Also, I don't really like doing this, but you seem to be overly positive about Dropbox's work in this field. Do you work there, or have you ever worked there? Did you have a vested interest in this project?

Interesting that osquery is developed by Facebook and Santa is developed by Google. I do some work with Facebook and during a video conference with one of their employees the connection dropped out. When we reconnected I asked what happened and they said that the machine updated itself. I thought this was kind of an odd time to update and dropped it into the conversation and was told that their laptops are updated every day. Without an understanding of the inner workings of Facebook it seems like they may be snapshotting employee machines, daily.

I doubt it was snapshotting. It is common to force OS updates. For macOS there are tools where the employee will be prompted to update, and can dismiss for a while, but eventually they will be forced to restart. My guess is that the Facebook employee had ignored update prompts and was then forced to update. Every day does seem odd, I can't think of an update type that would require restarts/logoff every day. At least a couple years ago Facebook and Dropbox were managing their Macs in similar ways, with similar tools, I'd be surprised if they changed to something that required daily restarts.

Facebook has a Chef cookbook called cpe_nightly_reboot for their Macs. I can't think of why that would be required, but they must have a reason.


I don't work at Facebook, but I'm fairly certain this is for things like build servers, not client machines.

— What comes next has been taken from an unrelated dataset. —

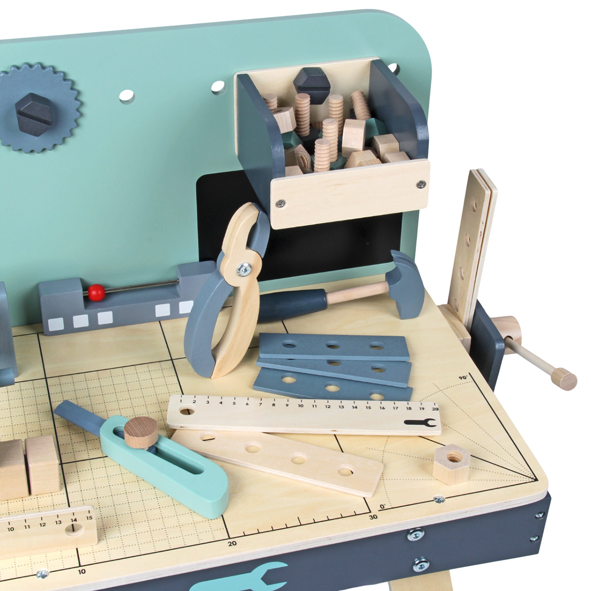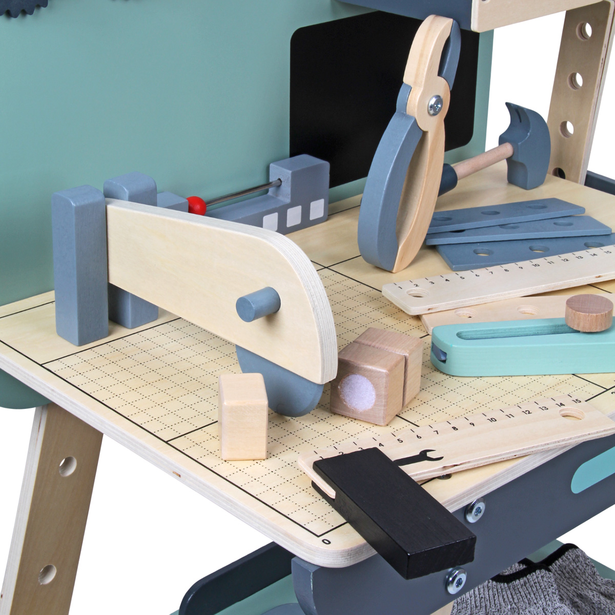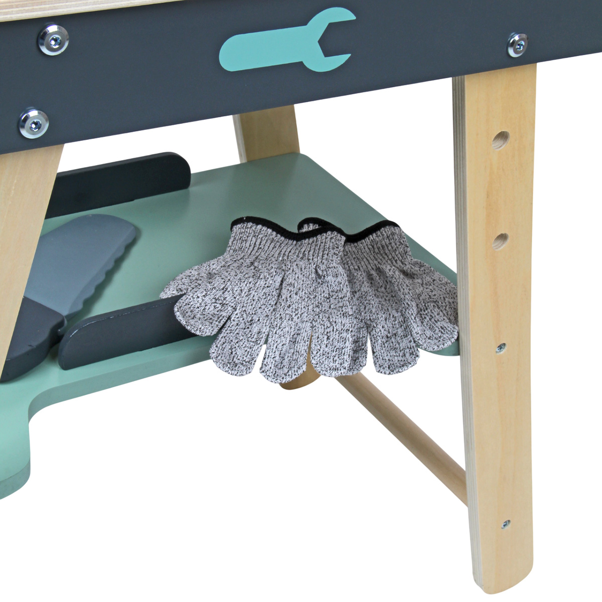 Деревянный верстак с продуманной системой крепежа, долговечность и надежность конструкции, разные игровые зоны.

They use Munki for software updates, which, just like you describe, gives the user a grace period where they can reboot at their leisure. Ignore it for long enough and it'll crank up the nagging, and eventually force a reboot.

this is for things like build servers, not client machines.

It talks about killing GUI processes. Is it common to run a display server on macOS servers?

Yes. Services that can run without a display are better run on a Linux server anyway.

I assumed it was for compilation of iOS apps, do those need a display?

No, you can compile iOS apps from the command line.

I don't think it's possible not to.

"you may run into unexpected performance issues that make the machine nearly unusable by your employees. You might also experience issues like having hosts unexpectedly shut down due to a kernel panic"

It is fairly evident they are talking about carbon black.

Carbon black's kernel modules panics in 10.13 and when you use it for development workloads it eats up half of your CPU in kernel space, making the entire machine unresponsive.

All of the large SFBA tech companies have something like carbon black, and they proxy your DNS requests with openDNS. Every network interaction is logged and so is whatever you do on your computer, personal or not. Whatever controls they have over security engineers looking over that info is probably not enough. Creepy stalker sysadmin is a tech industry scandal waiting to happen.

I've also heard rumors at some companies they even give reports of what employees are doing on their computers to managers, and managers are told not to tell their reports. I also think google records every keystroke. Those are rumors so take that with a big grain of salt.

I don't like it, but if I want SFBA pay, I've come to accept there is no privacy on work computers. The only things I do on my work computer is HN & Twitter. Things that are effectively public. Everything else goes through my personal smartphone. I have my own computers, and in the end it mostly means I have to carry 5 extra pounds in my backpack sometimes.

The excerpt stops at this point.